We can wrap the left-side expression in its own container to generate smaller sequences of values:

- note how I include two versions of `w` inside square brackets `[]`, the first `w` returns the value itself, while `len(w)` returns the length of w. Because they are in square brackets, they form their own list inside the larger list.

In [None]:
# this is equivalent to: for each word in pretzels.split(), give me the word and the length of a word inside a new list
word_and_word_lengths = [[w, len(w)] for w in 'these pretzels are making me thirsty!'.split()]
word_and_word_lengths

## Adding conditions to a list comprehension

Just as we did with `for loops`, we can add conditional logic to a list comprehension so that only certain values or operations are applied.

We use the right side of the list comprehension for this (the stuff after the `in`).

The syntax looks like this:

> `[expression for value in sequence if CONDITION]`

For example, the following list comprehension includes an `if` statement that checks for whether the character is uppercased:

In [None]:
# Let's make the acronym VUW
# this is equivalent to: for each character in the string, give me that character if the character is upper cased.
[letter for letter in 'Victoria University of Wellington' if letter.isupper()]

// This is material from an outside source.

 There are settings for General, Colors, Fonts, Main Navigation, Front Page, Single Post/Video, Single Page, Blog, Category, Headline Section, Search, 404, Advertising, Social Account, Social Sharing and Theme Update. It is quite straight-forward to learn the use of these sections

The next example builds upon an earlier example of a `for` loop to find words over five characters long in our grasshopper example. As a reminder, here is what the `for` loop looked like:

```
output = []
for word in grasshopper.split():
  if len(word) > 5:
    output.append(word)
```

Now see how the list comprehension does the same thing in a more compact manner:

In [None]:
# give me those 5 letter or more words!
[word for word in grasshopper.split() if len(word) > 5]

The sky is the limit. You can include as many complex conditional and expressions as you need. Sometimes list comprehensions can become *too* complex and unreadable, but some people enjoy the challenge of making such "one liners".

In [None]:
# can you understand what's going on in this one?
[[w, w.upper(), len(w)] for w in grasshopper.split() if w.islower() and len(w) > 7]

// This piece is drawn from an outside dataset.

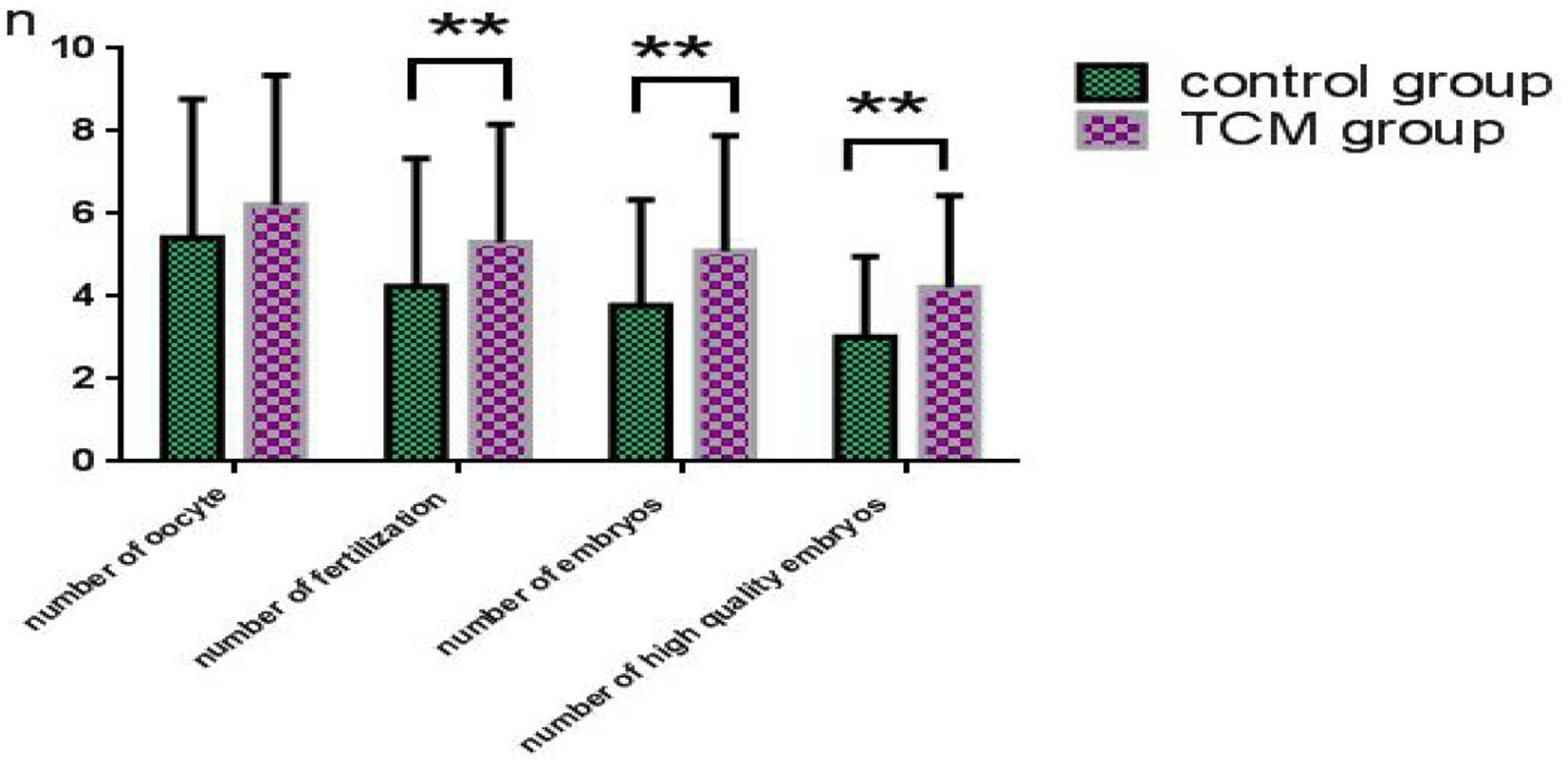 The data on embryo quality in the control and experimental groups are presented in Figure 2. The number of oocytes in the TCM experimental group (6.2 ± 3.1) was higher than that of the control group (5.4 ± 3.4), even though the difference was not statistically significant (P > 0.05). The fertilization rate in the TCM experimental group was significantly higher than that of the control group, and so was the number of embryos in the TCM experimental group (5.1 ± 2.8) vs. the control group (3.8 ± 2.6) (P < 0.01 in both cases). Additionally, the number of high-quality embryos (4.2 ± 2.2) was also significantly higher than that of the control group (3.0 ± 2.0) (P < 0.01).

# Should you always use list comprehensions?

There are a [number of benefits](https://realpython.com/list-comprehension-python/) in using list comprehensions. But there is also something beneficial about writing a `for loop`, especially when you are just starting out. A `for loop` *can* be a bit more readable at first, but you may also find the transition between the two becomes easier over time. If you want to stick with `for loops` in this course, that is okay!